China last week said the girl died of pneumonia, and stressed there had been no human infections of the deadly H5N1 strain of bird flu.
China has reported no human bird flu infections since the latest H5N1 outbreak first surfaced in Asia in late 2003. Since then, 62 people have died in Vietnam, Thailand, Cambodia and Indonesia and the virus has spread to Europe.
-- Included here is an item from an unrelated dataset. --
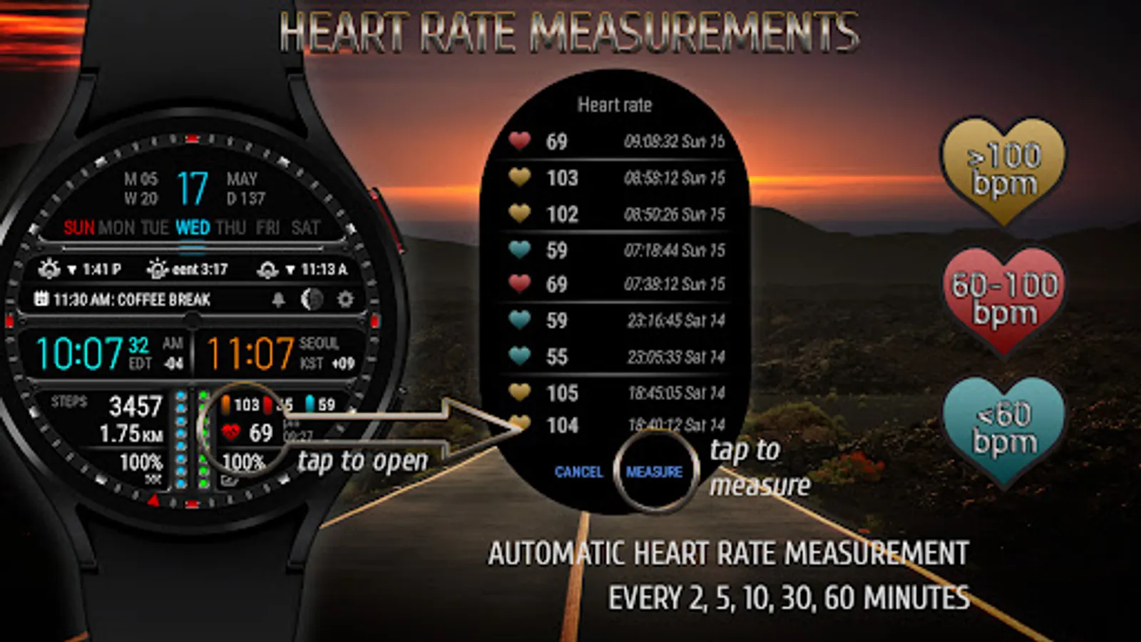 • This watch face independently measures your heart rate. This watch face does not receive data from stock Wear OS heart rate apps.

The WHO has been pressing China to provide more information on the girl and her 9-year-old brother, who is reported to be in stable condition in hospital, also with pneumonia.
In the past two weeks China has revealed three outbreaks of the H5N1 virus that killed 3,800 chickens, ducks and geese.
Farmers in China, as in many parts of Asia, live alongside their poultry and other livestock, increasing the chances of the disease spreading to humans, experts say. It also raises the chance of the virus mutating into a form that could spread easily among people, triggering a pandemic. Millions could die.
Migratory birds, believed to play a role in the transmission of H5N1 to domestic flocks, are now heading south for Africa from Siberia, where outbreaks among poultry have occurred.
In Africa, as in parts of Asia, many households keep backyard flocks, which often mingle freely with wild birds or share play areas with children, WHO said last week.
Most human bird flu infections are due to handling birds sick with the virus or contact with their droppings. Cooked meat is not a known source of infection.